» Your task: Write out exactly the lines below that run from the one containing "ゴディバはショコリキサーを販売している「ゴディバ」の店舗で、「ショコリキサー BUY ONE" through the one containing "12月3日-4日,2022年", both included, with no other lines.

» Data to examine:
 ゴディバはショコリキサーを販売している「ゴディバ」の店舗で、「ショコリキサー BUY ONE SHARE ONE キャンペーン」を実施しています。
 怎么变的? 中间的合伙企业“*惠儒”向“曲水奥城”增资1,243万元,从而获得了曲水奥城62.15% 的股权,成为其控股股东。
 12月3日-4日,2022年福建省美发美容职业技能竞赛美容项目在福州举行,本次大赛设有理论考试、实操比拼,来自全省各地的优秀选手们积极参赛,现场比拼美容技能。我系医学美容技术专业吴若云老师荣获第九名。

--

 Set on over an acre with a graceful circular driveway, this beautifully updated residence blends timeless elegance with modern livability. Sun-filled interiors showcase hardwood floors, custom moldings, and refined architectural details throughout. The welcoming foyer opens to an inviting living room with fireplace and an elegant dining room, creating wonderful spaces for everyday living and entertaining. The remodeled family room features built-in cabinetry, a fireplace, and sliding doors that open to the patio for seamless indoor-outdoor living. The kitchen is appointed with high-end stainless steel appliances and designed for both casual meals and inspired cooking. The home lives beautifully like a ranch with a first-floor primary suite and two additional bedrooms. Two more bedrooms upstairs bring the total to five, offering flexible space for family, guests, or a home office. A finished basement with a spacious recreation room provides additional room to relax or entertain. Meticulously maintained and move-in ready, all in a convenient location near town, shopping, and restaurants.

* * *

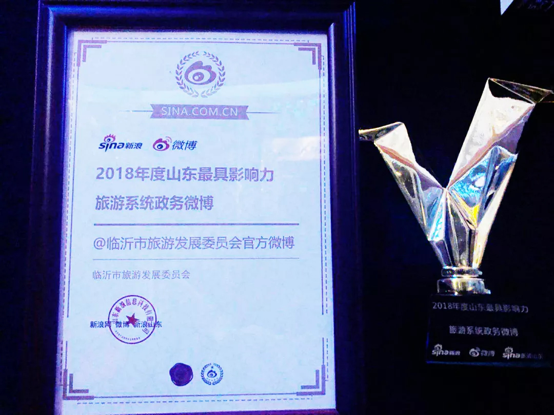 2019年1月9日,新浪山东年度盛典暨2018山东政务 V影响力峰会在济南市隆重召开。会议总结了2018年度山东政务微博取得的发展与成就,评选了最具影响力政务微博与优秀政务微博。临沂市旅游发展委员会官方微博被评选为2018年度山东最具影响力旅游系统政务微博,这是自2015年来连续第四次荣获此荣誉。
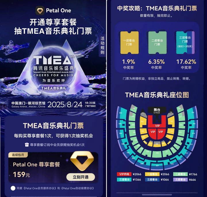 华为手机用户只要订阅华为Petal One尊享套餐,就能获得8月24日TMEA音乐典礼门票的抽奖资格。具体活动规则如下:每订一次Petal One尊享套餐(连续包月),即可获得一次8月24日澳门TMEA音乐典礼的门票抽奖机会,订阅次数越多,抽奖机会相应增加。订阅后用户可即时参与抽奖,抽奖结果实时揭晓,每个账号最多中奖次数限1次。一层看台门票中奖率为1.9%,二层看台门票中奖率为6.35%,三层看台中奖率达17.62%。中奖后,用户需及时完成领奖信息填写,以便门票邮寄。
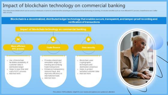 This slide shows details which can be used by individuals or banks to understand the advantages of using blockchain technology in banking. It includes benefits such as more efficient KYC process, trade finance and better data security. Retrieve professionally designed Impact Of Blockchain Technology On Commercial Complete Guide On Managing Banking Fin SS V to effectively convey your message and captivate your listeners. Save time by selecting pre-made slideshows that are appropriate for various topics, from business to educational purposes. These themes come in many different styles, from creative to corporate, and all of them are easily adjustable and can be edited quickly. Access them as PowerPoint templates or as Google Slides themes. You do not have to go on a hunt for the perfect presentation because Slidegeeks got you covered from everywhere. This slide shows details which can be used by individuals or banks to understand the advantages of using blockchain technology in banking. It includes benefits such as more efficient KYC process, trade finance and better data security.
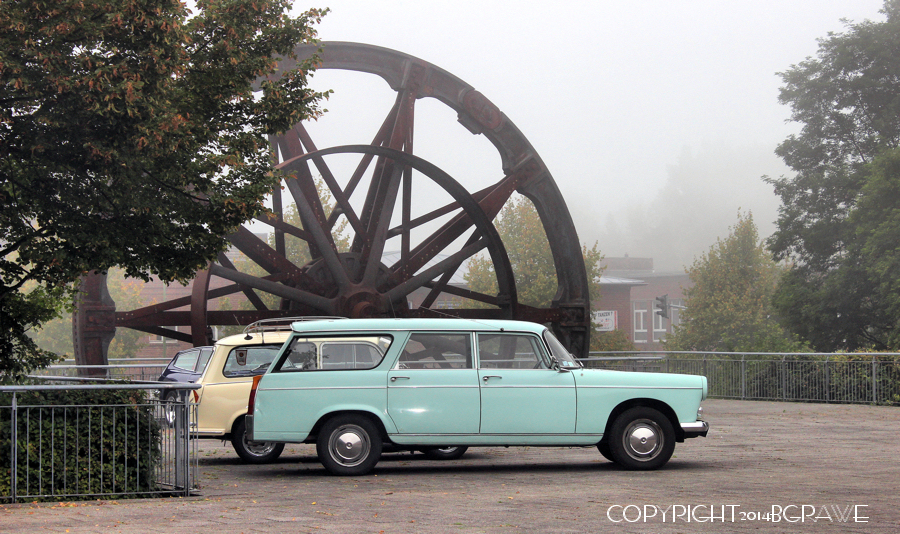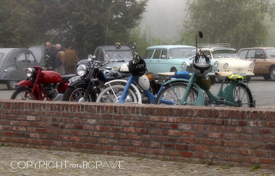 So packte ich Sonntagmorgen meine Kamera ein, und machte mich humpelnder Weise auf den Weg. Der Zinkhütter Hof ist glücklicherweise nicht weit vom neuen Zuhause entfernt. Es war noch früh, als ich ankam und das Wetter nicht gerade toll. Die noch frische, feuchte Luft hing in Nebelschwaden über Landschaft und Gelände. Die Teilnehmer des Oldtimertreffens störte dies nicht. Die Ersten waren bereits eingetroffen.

» Answer to this task:
 ゴディバはショコリキサーを販売している「ゴディバ」の店舗で、「ショコリキサー BUY ONE SHARE ONE キャンペーン」を実施しています。
 怎么变的? 中间的合伙企业“*惠儒”向“曲水奥城”增资1,243万元,从而获得了曲水奥城62.15% 的股权,成为其控股股东。
 12月3日-4日,2022年福建省美发美容职业技能竞赛美容项目在福州举行,本次大赛设有理论考试、实操比拼,来自全省各地的优秀选手们积极参赛,现场比拼美容技能。我系医学美容技术专业吴若云老师荣获第九名。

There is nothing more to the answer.